Only then had the reconstitution process commenced. This had taken hours — but his displacement in space should have been sufficient for security. Just about now things should be popping.

They were. The sweep showed the traces that indicated an armada encircling the inhabited world of this system: battleships traveling at speed. The Lions had anticipated treachery.

And the anticipation had been well fulfilled. Two uncharted moons drifted within the system, light-hours apart, and he knew that at least one more was present on the far side, too far from his own location to register yet. Observation by optics or macronics was so slow! It was an all-out attack; the inundation strike the Ram Admiral had urged.

What of the Lion second-strike capability the Chief had so carefully mentioned? Schön smiled again. The solution to that inhibitor was obvious. The Rams had underestimated the perspicacity of the stranger, thinking to set him up as a duped emissary. They had staged a mock meeting and made a mock decision, while the war preparations moved ahead full-scale. There had never been a true capitulation, and probably not even a genuine ultimatum. This thrust had been decades in the making.

Lion ships still cruised in the vicinity of the supposed emergence, though the bulk of that fleet was already heading toward him. They had thought that his moon was merely another unit in the invasion — as indeed it was. But it had not stayed long enough to allow their planet-busters to score, and now was in an unscheduled location. Doubly unscheduled: naturally the Ram schedule differed from that set up for the truce mission, and his own schedule differed from Ram’s.

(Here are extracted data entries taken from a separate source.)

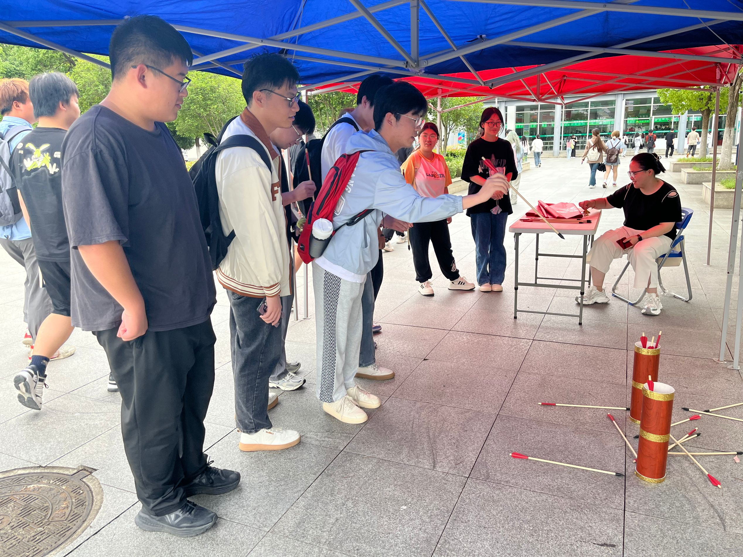粽叶飘香迎端午,投中壶中相思情。舒窈职业礼仪社“趣味投壶”活动在一食堂对面吸引大量学生的热情参与和围观。同学们踊跃参加,积极尝试,现场氛围欢欣热烈。参与的同学激情澎湃,喝彩声回荡在整个场地。社团还为参与投壶的同学准备了五彩绳作为奖品,生动展示了我国传统文化习俗,营造了浓厚的端午节氛围。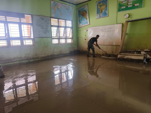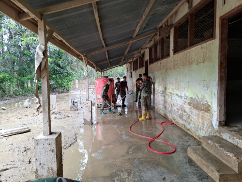 Kegiatan pembersihan difokuskan pada penghilangan lumpur yang menutupi halaman sekolah, teras, serta ruangan-ruangan kelas yang terdampak banjir. Upaya tersebut dilakukan guna menciptakan lingkungan belajar yang bersih, aman, dan nyaman bagi para siswa serta tenaga pendidik agar aktivitas pendidikan dapat kembali berjalan normal.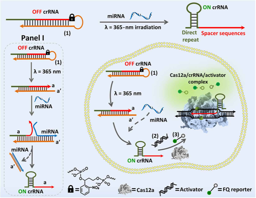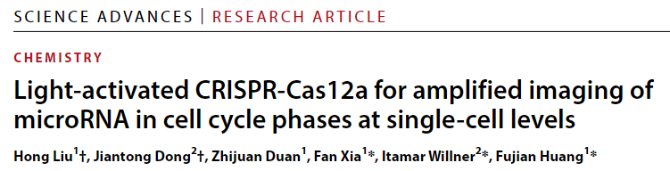 近日,av网站 夏帆教授/黄福建教授课题组在光激活CRISPR系统高效单细胞miRNA成像研究方面取得进展,相关研究成果以“Light-activated CRISPR-Cas12a for amplified imaging of microRNA in cell cycle phases at single-cell levels”发表于Science Advances (Sci. Adv. 2024,10, eadp616。 微小RNA(miRNA)是一类小的非编码RNA,它的异常表达与各种疾病的发生和发展密切相关,可作为癌症诊断、预后、进展和复发的生物标志物。然而,细胞内的miRNA含量很低,因此需要开发信号放大的miRNA检测方法。传统的miRNA检测方法,如实时荧光定量PCR(RT-qPCR)和滚环扩增(RCA),虽有较高的灵敏度,但在单细胞水平上的检测和成像仍存在挑战。 夏帆教授/黄福建教授课题组在前期光响应功能核酸生物传感研究基础上,发展了一种新的光激活CRISPR系统用于活细胞中miRNA-21的信号放大检测及其成像。该系统在单细胞水平上实现时空选择性激活,以评估miRNA-21在不同细胞周期阶段的相对表达水平,从而绘制单细胞阵列中不同细胞周期阶段的miRNA-21含量分布图。该方法为深入研究不同细胞周期中miRNA的功能,从miRNA水平上分析细胞周期调控的新机制提供了一种有力的分析手段。 该研究工作av网站 博士生刘红为论文的第一作者。希伯来大学Itamar Willner 教授、av网站 夏帆教授和黄福建教授为本文的共同通讯作者。该工作得到了国家自然科学基金重大项目,国家重点研发计划以及中-以国际合作等项目资助。(编辑:黄福建 审稿:梁本哲) 论文链接://www.science.org/doi/full/10.1126/sciadv.adp6166

He adjusted the macroscope to focus within his own moon and took a look on sweep. Sure enough, the buried warships were already coming to life, their crews having emerged from mass gasification. He had at least done them the favor of saving them from the planet-busters; Lion intelligence was better than Ram’s. Not that it made any difference to him.

Strange that they had trusted him with the spacefold mechanism. Perhaps they had feared that he would recognize a dummy-panel — a correct assumption — and had felt that the lock sufficed against incidental mischief. If they really thought he was an important Lion spy, verisimilitude required that he be allowed to observe the setting for himself.

There were hundreds of simpler and surer ways of doing it, naturally. But the military mind had never been noted for its subtlety or efficiency, fortunately. Fortunately? It would not be the military mind if it were clever. Most likely, the Ram strategists had simply underestimated him by a factor of two or three.

In due course his Ram escort would get around to dispatching him as superfluous. His ship was unarmed — theoretically in accordance with the negotiations setup — and lacked working fluid for any extended trip. They were sure they had him penned safely; their immediate concern was the approaching fleet of Lion.

He refocused the scope on the farther reaches of the system. Sure enough: the third expedition had appeared. No moonlet, this; Ram had transported its entire home-world! That was their answer to Lion’s second-strike capability, as he had suspected. Removal of the target from the target-system.